Дни тянутся за днями, он узнаёт, что сын рыбака — травник и болен чем-то серьёзным и неизлечимым. Моракс думает, что при большом желании, адепты могли бы попытаться спасти мальчонку, но всё должно идти своим чередом. Боги не должны благоволить одному человеку, иначе всё станет некрасивым, как говорит Гуйчжун — сначала он не понимал её слов, но сейчас не может не осознавать её правоты.
Пока Моракс закидывает сети в воду, подозрительный травник смеряет его прищуренным взглядом из-под соломенной шляпы — Моракс физически ощущает, как холка на его темени встаёт дыбом от давления: это не страх, но что-то очень неприятное, он вращает плечами, словно пытаясь стряхнуть с себя настойчивое внимание.
Жизнь идёт своим чередом.
*******
Божественная война иссушает плодородные почвы его сердца и, словно Ассамблея Гуйли, оно становится бесплодной пустыней, покрытой руинами. Вспышками света воспоминания недавних лет мелькают в его голове: вот он в дикую бурю бросается за Осиалом в море — бури умирают под водой, камни тонут, но Моракс уже давно не камень; вот валуны обрушиваются на дома людей, горит солома, людские крики резонируют в его ушах; пути адептов мерцают в воздухе, Моракс путается среди людей, сердце его суматошно, руки и ноги снова покрыты кровью, в руках каменные копья сменяют друг друга.

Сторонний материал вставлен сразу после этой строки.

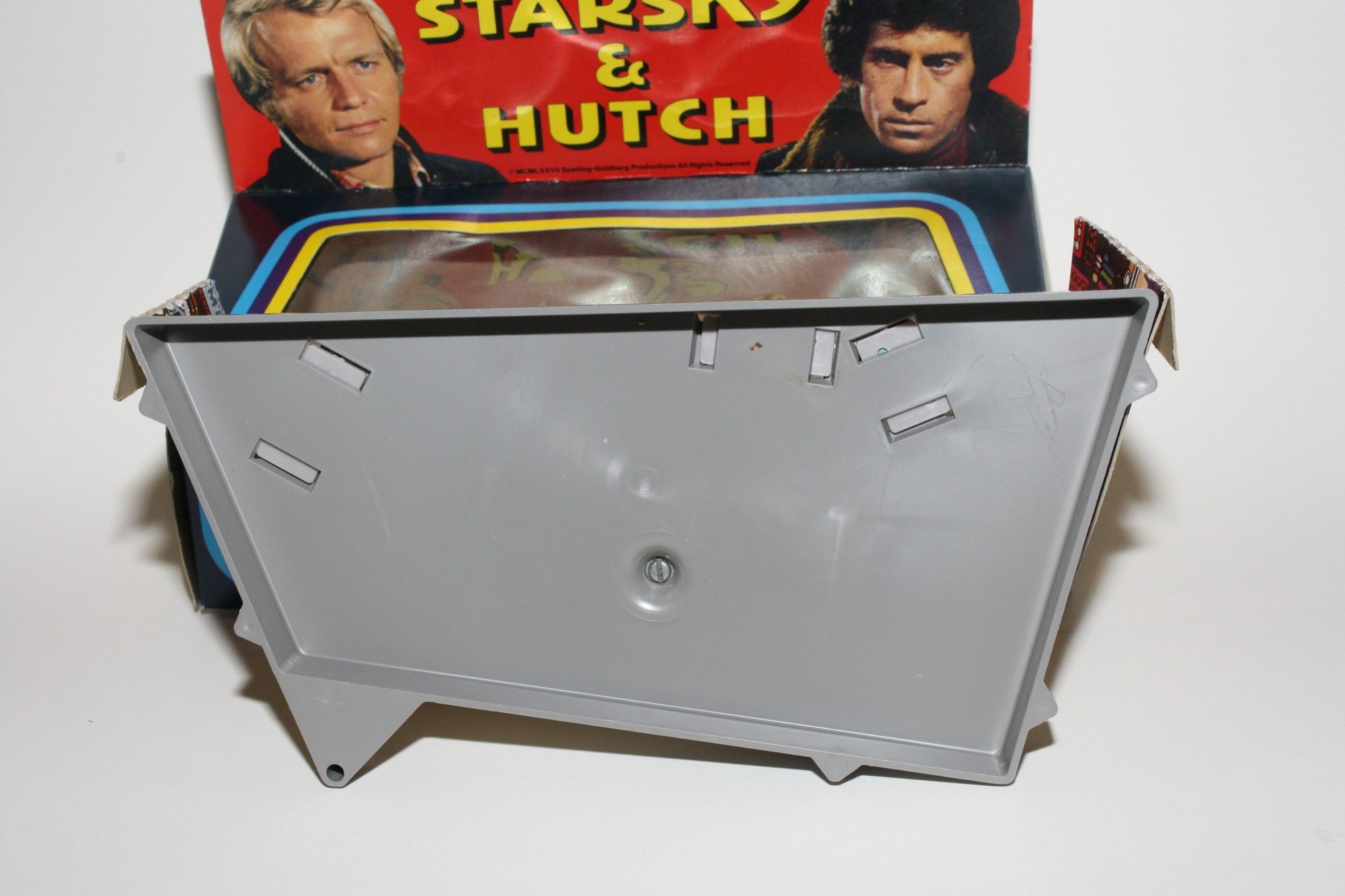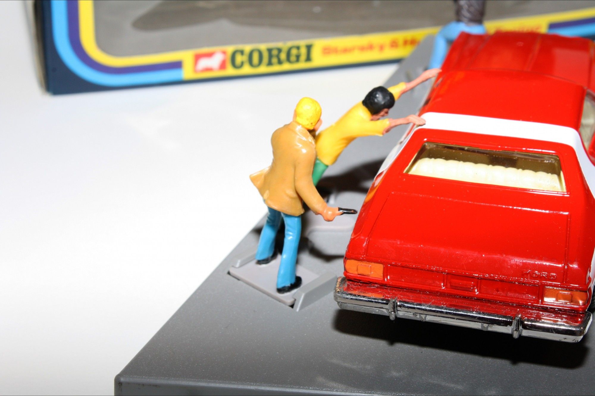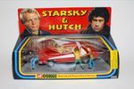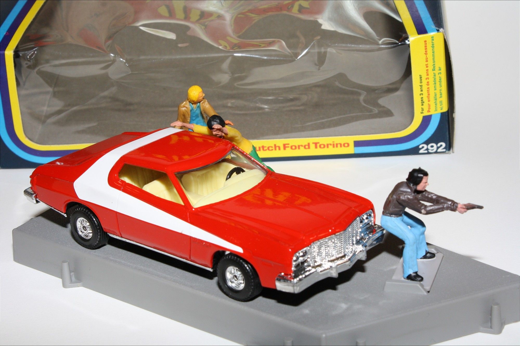 A superb example of this early issue Starsky & Hutch Torino. Gleaming red paintwork is mint and white flash sticker also perfect, please study the photos for exact condition. Perfect Whizzwheels, crystal clear windows with cream interior, good chrome, all original figures present and complete including both gun barrels (often missing). Getting harder to find in this condition.
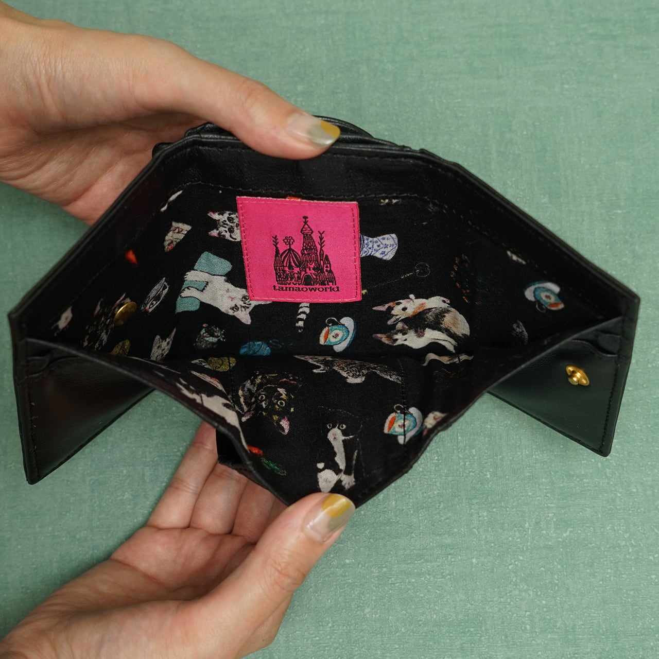 ねこミニ財布 Tuxedo cat / Metallic Black
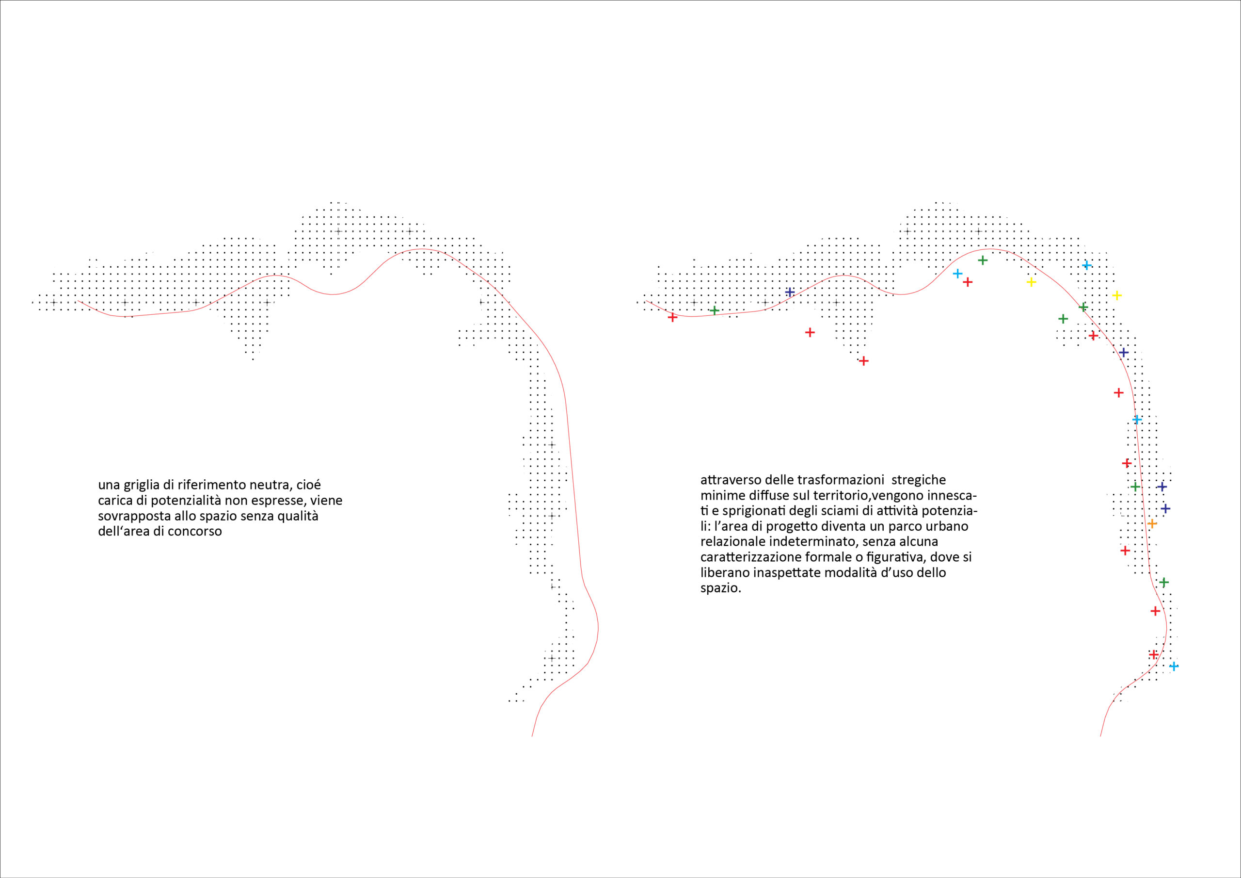 Le ‘note’ sottolineano le qualita’ implicite e problematiche del sito, come l’essere sospeso tra due realta’ autistiche che sembrano voltarsi le spalle (back to back tra costruito e mare), il rimanere un deserto neutro in attesa di essere colonizzato, il costituire un’occasione di riordino del tessuto urbano limitrofo e l’essere attraversato da un asse ferroviario dismesso. Sensibili anche alle più impalpabili caratteristiche di unicità di questo paesaggio, come lo scorrere del tempo, i profumi, i suoni, il vento, ne costruiscono intorno un progetto.

Когда пыль ещё витает в воздухе, он находит Гуйчжун: её стеклянное тело покрылось тёмной паутиной, глазурные лилии растущие из лопаток плетутся по рукам, закрывая трещины, по их лепесткам стекают красные капли. Он молчит — пыль заполняет собой его рот и лёгкие, и даже когда он облизывает губы, на языке появляется ощущение, словно он пытается собрать стеклянную крошку. Она целует его в лоб на прощание — грязь остаётся меж его бровей — и просит забыть о загадке. Он сжимает её руку в последний раз — стекло потрескивает даже под самыми нежными прикосновениями — и, наконец, пыль оседает. Пейзаж сгоревшего поля лилий и разрушенной ассамблеи остаётся в его памяти замыленным разводом воды.
Также как и прищуренные карие глаза сына рыбака (это не он, напоминает себе Моракс, — это лишь его инкарнация) — хотя это не последнее воспоминание о нём. Но Моракс не может вспомнить, как выглядело лицо Бай Чжу, когда он испустил последний свой вздох, придавленный каменными глыбами.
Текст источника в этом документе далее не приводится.